The customer-service framing was a deliberate effort to shift the culture of federal agencies from one of bureaucratic process to one of service delivery. Gore argued that the “total quality management” revolution that had transformed American corporations needed to be applied to government operations.

He described the approach in terms borrowed directly from corporate management theory: “Listen carefully to those who work where the rubber meets the road. Ask for their cooperation in concentrating on how to make the entire enterprise more efficient and more successful. Harvest their ideas, pay attention to them, sift through them, weed out the ones that won’t work, but implement the ones that will, and then carefully measure and monitor the progress that you expect to get as a result.”

Cutting Red Tape and Inviting Public Participation

Gore’s announcement included a call for public participation that anticipated the crowdsourced approach DOGE would later employ through social media. “If you spot waste or fraud or abuse, call one of the 1-800 numbers located throughout the government and let us know,” Gore said. “If you have an idea of how we can do a better job or if you spot a problem that needs fixing, write to me here at the White House. Mark your envelope ‘reinventing government.’ You will get a response. Your idea will be evaluated.”

The vice president also delivered the kind of cultural declaration that reformers in every era have made: “It’s time we took out of our vocabulary the words, ‘well, we’ve always done it that way.’”

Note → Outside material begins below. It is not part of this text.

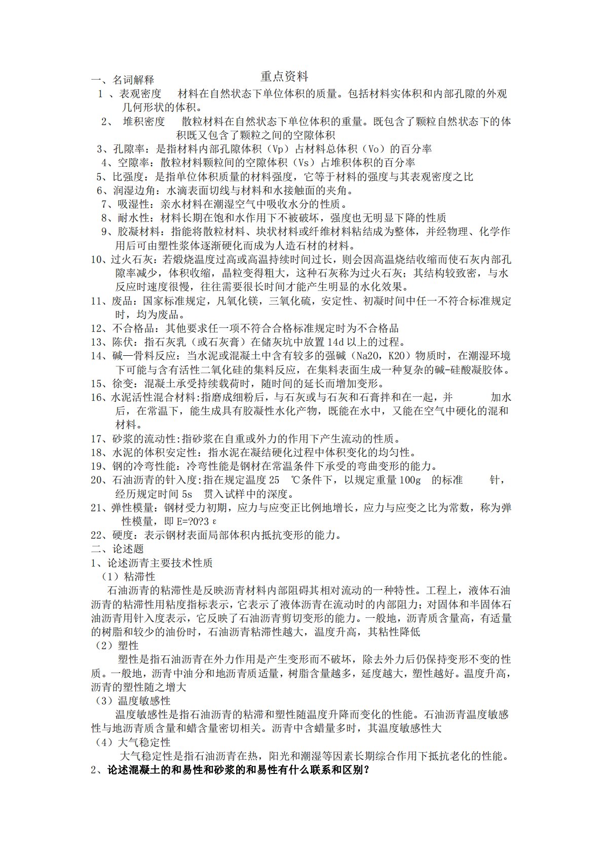 一、名词解释1、表观密度材料在自然状态下单位体积的质量。包括材料实体积和内部孔隙的外观几何形状的体积。2、堆积密度散粒材料在自然状态下单位体积的重量。既包含了颗粒自然状态下的体积既又包含了颗粒之间的空隙体积3、孔隙率:是指材料内部孔隙体积(Vp)占材料总体积(Vo)的百分率4、空隙率:散粒材料颗粒间的空隙体积(Vs)占堆积体积的百分率5、比强度:是指单位体积质量的材料强度,它等于材料的强度与其表观密度之比6、润湿边角:水滴表面切线与材料和水接触面的夹角。7、吸湿性:亲水材料在潮湿空气中吸收水分的性质。8、耐水性:材料长期在饱和水作用下不被破坏,强度也无明显下降的性质9、胶凝材料:指能将散粒材料...

Gore acknowledged that the government’s greatest untapped resource was its own workforce. “The greatest untapped resource we have is their ingenuity, their brain power, and their experience,” he said of federal employees. The appeal to workers was a softer approach than DOGE’s more confrontational stance with agencies that resisted cooperation in 2025.

The “Unprecedented” Irony

The resurfacing of this footage in February 2025 was driven by the irony of Democratic politicians and media commentators describing Trump’s DOGE initiative as “unprecedented.” The historical record showed that the Clinton administration had:

  • Cut 100,000 federal positions in the first weeks of the presidency, with an eventual reduction of over 300,000
  • Ordered a 14% reduction in administrative costs, saving $16 billion
  • Used a Fortune 500 CEO (Chief of Staff Mack McLarty) to bring private-sector efficiency techniques to government
  • Declared a “revolution in government” aimed at eliminating waste, fraud, and abuse
  • Invited public participation through hotlines and mail-in suggestions
  • Described the effort in terms nearly identical to DOGE’s stated mission

Democrats under Clinton had not only pursued government efficiency — they had celebrated it as a signature achievement. Gore had personally led the effort and had subsequently written a bestselling book, “Creating a Government That Works Better and Costs Less,” about the results. The fact that the same party was now characterizing a similar effort as dangerous and unprecedented suggested that the objection was to who was leading the reform rather than to the reform itself.

Key Takeaways

  • On March 3, 1993, VP Al Gore announced Clinton’s National Performance Review as “a revolution in government,” promising to “fundamentally change the way our government works.”
  • Gore boasted that White House Chief of Staff Mack McLarty’s experience as a Fortune 500 CEO was being used to bring private-sector efficiency to government — paralleling Democratic criticism of Elon Musk’s involvement in DOGE.
  • Clinton cut 100,000 federal positions and ordered a 14% reduction in administrative costs, saving $16 billion in the first weeks of his presidency.
  • Gore declared it was time to bring the “quality revolution” that had transformed American business into the federal government, using language nearly identical to DOGE’s stated mission.
  • The footage resurfaced in 2025 as Democrats labeled Trump’s DOGE initiative “unprecedented,” despite the Clinton administration having pursued the same goals with similar methods thirty years earlier.